玄武の加護(4)
俺は跳ね起きた。心臓が早鐘のように打っている。
『まずは自分の身を護るのだ。その後のことは改めて話そうぞ。』
俺は玄武の言葉に答えなかった。
「案内してくれ。」
俺はコンナムの後ろに控えている人物を見て目を円くした。銀の髪と瞳が褐色の肌に映える。鍛え抜かれた肉体と高い身長が武人としての威圧感を放っている。
「カリ、お前…生きていたのか。」
「どうして…?」
俺は笑った。
「よかった。カリ、お前が生きていてくれて、本当によかった…。」
カリは複雑な表情を浮かべている。カリが生きていたこと、コンナムと共にいたことの意味が分からないほど愚かではない。
「まずは礼を言っておこう、イスル。貴様のおかげで我が国は滅亡の危機を脱した。しかし、それと私を殺そうとしたことは話しが別だ。覚悟はできているのだろうな、イスル?」
「それは俺に勝てると思っての発言でしょうか。」
俺はコンナムを睨みつけた。胸が苦しい。
「もう勝っている。そうでもなければ、貴様の前に姿を現すと思うか?」
「毒…ですか。」
木師は回復術で有名だが、その逆も得意だ。水の浄化力なら、或いは助かるかもしれないし、まだコンナムを道連れにできるかもしれない。

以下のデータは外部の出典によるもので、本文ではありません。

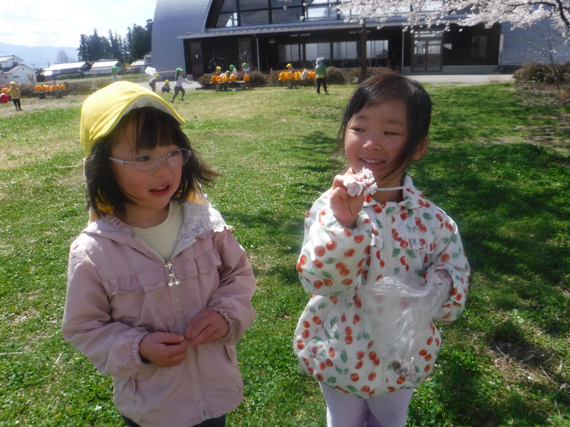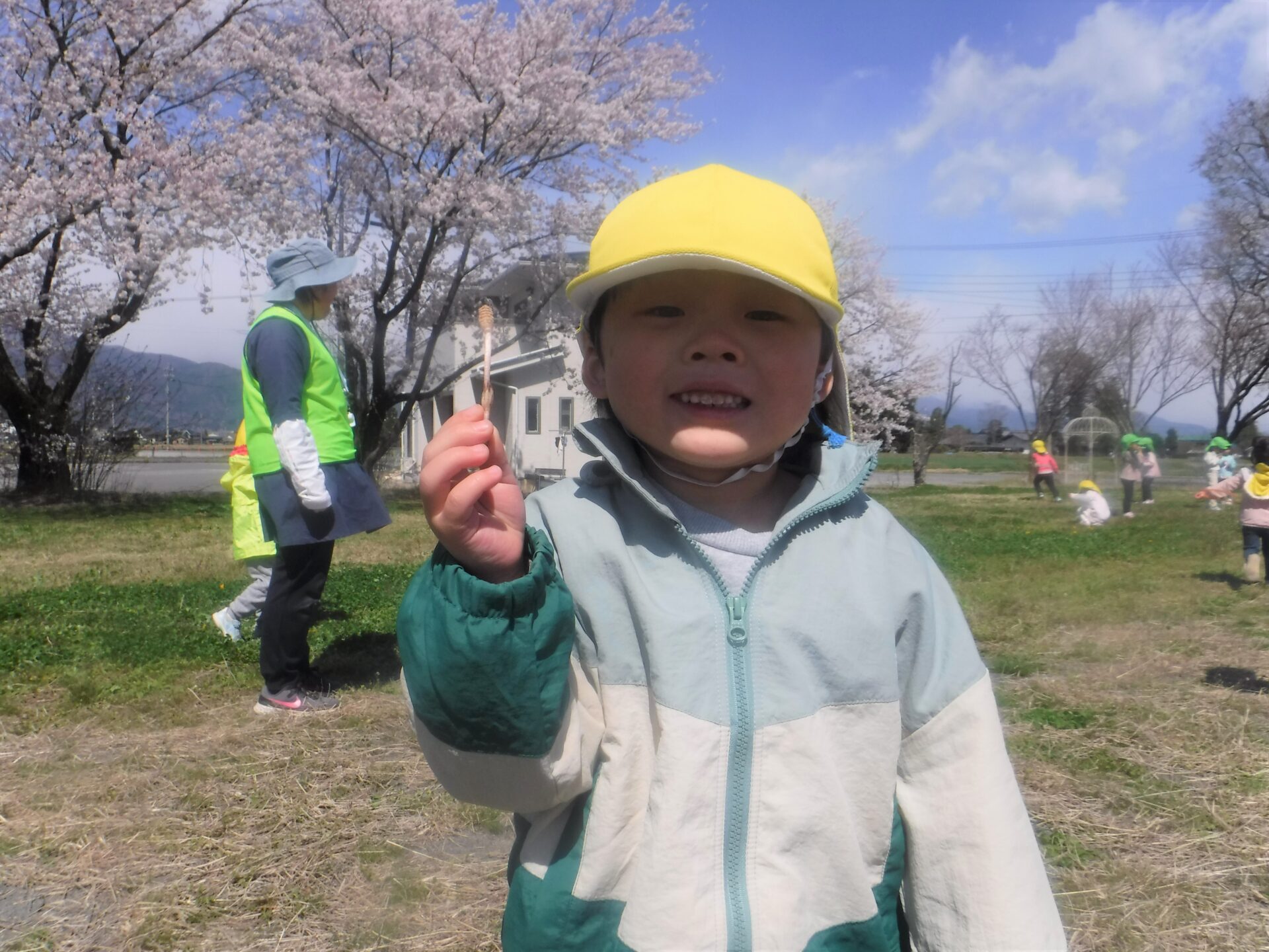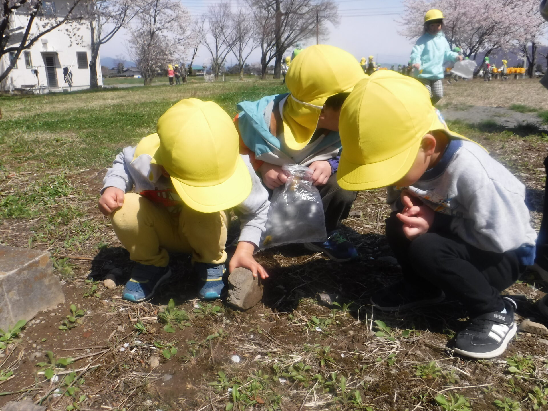 春は自然が豊富で、子どもたちはそれぞれ自分の遊びを見つけて遊んでいます。

「なりません、陛下。玄武様の加護を受けた方を殺してしまっては、今後に差し障ります。何のためにイスル殿下の母君を治療したのですか。」
俺はカリの言葉にハッとした。
「母上が…生きているのか?」
「私も木師としては名を馳せた人物だ。もう峠は越えた。」
俺は涙腺が緩むのを感じた。コンナムに向かって頭を下げる。
「ありがとうございます。俺は何でもしますから、どうか母上だけは…。」
俺は体内の血を操り、毒を涙と共に体外に出してしまった。まだ苦しいが、死にはしないように思う。
「今後私に手出しをしないことを誓えるか?」
「誓います。俺はたとえ貴方に殺されるとしても、甘んじて受け入れます。」
コンナムは眉をひそめた。何やら白い花を出して俺に差し出してきた。俺が受け取ると、コンナムは花弁を一枚むしって食んだ。食べろということか。
「これからもこの国のために尽くしてくれよ、玄武の寵児。」
「…貴方に言われずともそのつもりです。失礼いたします。」
俺は花弁を一枚噛んだ。かなり呼吸が楽になった。俺は足早にその場を後にした。